Yudha mengabaikan kekacauan kecil itu dan melanjutkan, "Sebagai Pekerja Kasar, tugas kalian adalah membersihkan pabrik ini, memilah besi tua, membongkar mesin yang rusak, dan memasak dari sisa perbekalan yang ada. Jika kalian bekerja dengan baik, kalian akan mendapat makanan dan perlindungan penuh di dalam tembok ini. Jika kalian menolak, pintu gerbang terbuka lebar. Silakan keluar dan jadilah makanan para monster."
Tidak ada satu pun yang berani membantah. Kebrutalan dunia di luar sana sudah cukup menjadi alasan bagi mereka untuk patuh. Di era baru ini, dilindungi oleh sosok yang bisa membunuh monster dalam kedipan mata adalah sebuah kemewahan.
"Lin Tian, bawa mereka ke gedung penyimpanan. Atur pembagian tugas. Aku ingin laporan inventaris material logam dan pasokan air bersih dalam satu jam," perintah Yudha.
"Baik, Ketua!" jawab Lin Tian sigap, lalu mulai menggiring para penyintas ke dalam bangunan.
Setelah halaman kosong, Yudha melangkah sendirian menuju bangunan bengkel utama pabrik. Pintu besinya besar dan berat, namun dengan sedikit dorongan bahu, pintu itu berderit terbuka.
Di dalamnya, di bawah cahaya bulan yang menembus atap kaca yang pecah, terhampar surga bagi seorang mekanik.

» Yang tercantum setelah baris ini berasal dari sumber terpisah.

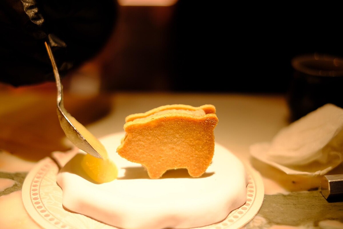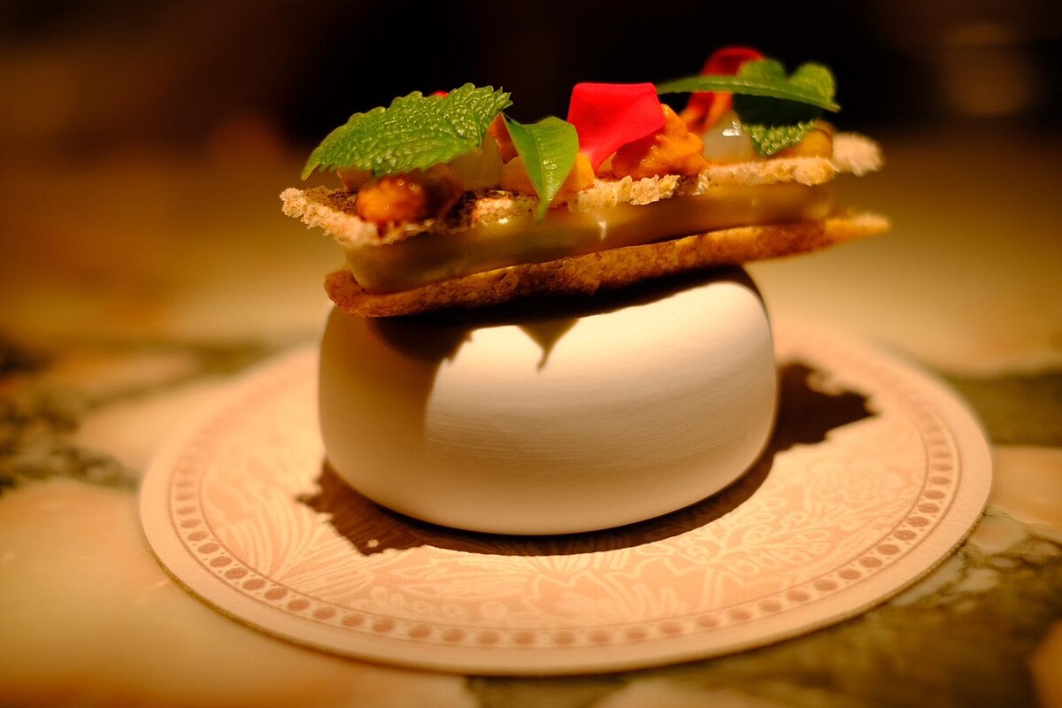 用黑芝麻醬做內餡,香濃到一個不行,酥皮咬下去的那一刻是脆的,但裡面那股濃濃的芝麻香氣一衝出來,整個嘴巴都在喊「好香!」Chef Season把中式食材玩到一種精緻藝術的等級,這道泡芙非常有記憶點,會讓你想回去再吃一次。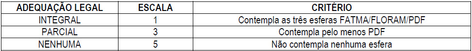O Quadro 5 aponta 1 ponto na escala para os atores que contemplem os três indicadores legais a serem atendidos, FATMA, FLORAM e PDF. Esse valor é definido de forma a não eliminar totalmente a pontuação inferida pela periculosidade dos elos realizados pelos atores. Três pontos são destinados aos atores que pelo menos cumprem a exigência de estarem localizados em áreas permitidas para as atividades conforme o PDF. O cumprimento dessa exigência permite a regularização do empreendimento junto aos órgãos fiscalizadores, FATMA e FLORAM. No caso de a localização do empreendimento do ator estar em área não regular, isto impede definitivamente sua adequação legal, agregando 5 pontos em suas avaliações.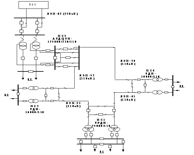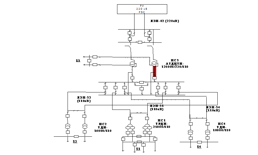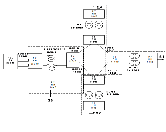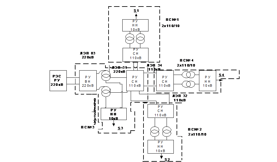 энергосистема 110-220 кВ, обеспечивающая электрической энергией четырех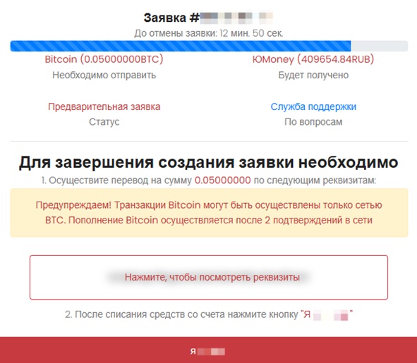 - В окне заявки необходимо открыть реквизиты и сделать по ним перевод. На это дается 15 минут.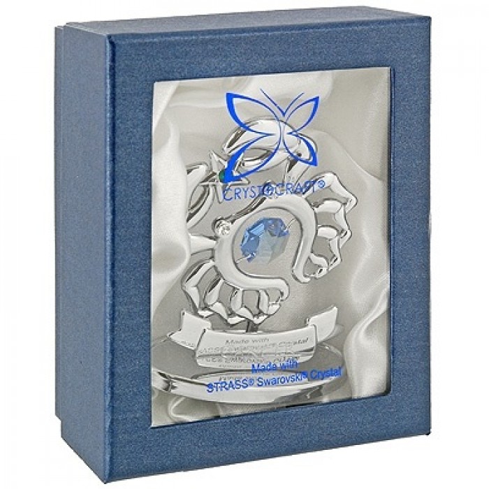 Zodiaka zīme VĒZIS ar SWAROVSKI kristāliem, hroma pārklājums. Dāvanu iepakojumā. Izmērs 7*6*3 cm.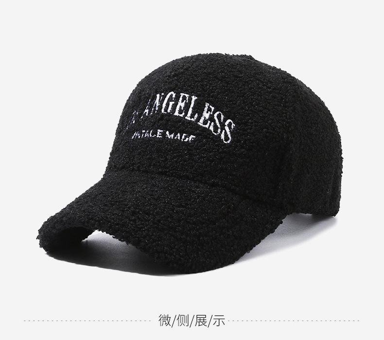 Novo Outono e Inverno Lã De Cordeiro Boné De Beisebol Carta Bordada Moda Boné Quente Coreano Moda Chapéu Fresco Mulheres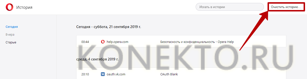 - В правом верхнем углу появляется кнопка «Очистить историю посещений»;
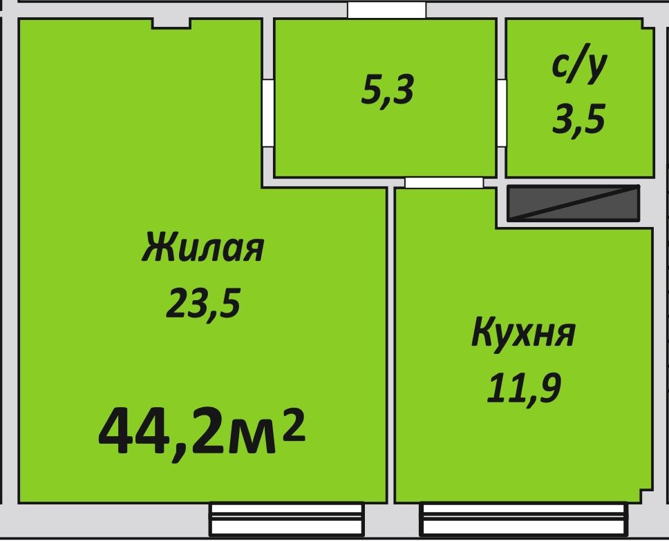 Однокомнатная , №170 , 44.2 м2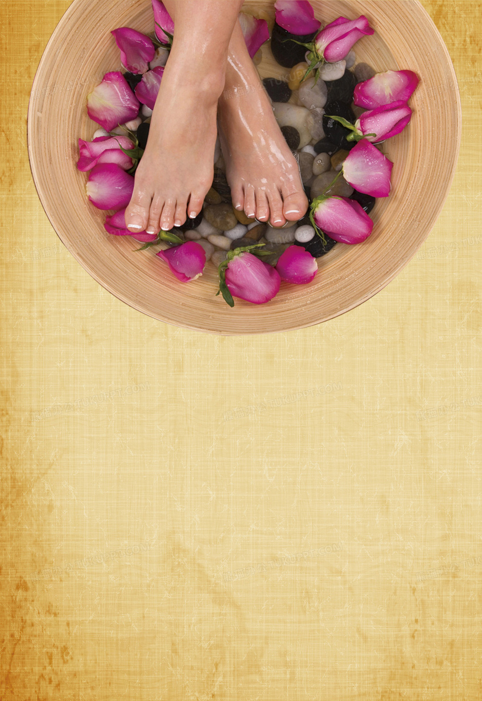 本作品内容为足浴纸质背景, 格式为 psd, 图片尺寸为1375 x 2000, 作品中背景图片无需修改, 源文件无水印,可以直接使用, 欢迎使用熊猫办公。 如认为平台内容涉嫌侵权,可通过邮件:tousu@tukuppt.com提出书面通知,我们将及时处理。

Gunungan pipa baja, mesin bubut industri, generator tua, dan puluhan drum berisi cairan pendingin.
Yudha berjalan ke tengah ruangan. Ia memungut sebuah kristal energi ketiga yang ia simpan dari serigala terakhir. Ia tidak menyerapnya. Ia menyimpannya sebagai sumber tenaga.
Dengan 150 Daya Komputasi di otaknya sekarang, Yudha membuka menu Cetak Biru di dalam layarnya. Ia tidak butuh senjata jarak dekat lagi untuk saat ini. Ia butuh sesuatu untuk menjaga tembok pabrik selagi mereka beristirahat. Sesuatu yang mematikan dan tidak kenal lelah.
"Mari kita lihat," gumam Yudha, senyum dingin tersungging di bibirnya. "Monster-monster itu butuh sambutan hangat jika mereka berani mendekati wilayahku."
Ia menatap tumpukan pipa baja dan suku cadang motor industri di sudut ruangan. Cahaya biru perlahan memancar dari kedua telapak tangannya.